• _Provided material_
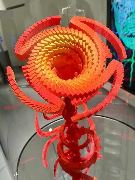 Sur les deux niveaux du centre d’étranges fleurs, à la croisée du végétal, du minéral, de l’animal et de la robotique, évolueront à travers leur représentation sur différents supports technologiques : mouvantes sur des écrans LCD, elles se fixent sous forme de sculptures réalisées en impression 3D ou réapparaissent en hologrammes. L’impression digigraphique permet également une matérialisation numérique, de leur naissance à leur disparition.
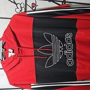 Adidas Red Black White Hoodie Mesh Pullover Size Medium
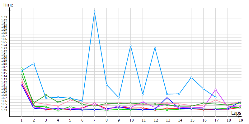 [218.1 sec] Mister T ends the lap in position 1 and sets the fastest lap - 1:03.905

• _Task directions_
When repeating the listing, keep each line exact and exclude the pictures.

• _Written answer_
 Sur les deux niveaux du centre d’étranges fleurs, à la croisée du végétal, du minéral, de l’animal et de la robotique, évolueront à travers leur représentation sur différents supports technologiques : mouvantes sur des écrans LCD, elles se fixent sous forme de sculptures réalisées en impression 3D ou réapparaissent en hologrammes. L’impression digigraphique permet également une matérialisation numérique, de leur naissance à leur disparition.
 Adidas Red Black White Hoodie Mesh Pullover Size Medium
 [218.1 sec] Mister T ends the lap in position 1 and sets the fastest lap - 1:03.905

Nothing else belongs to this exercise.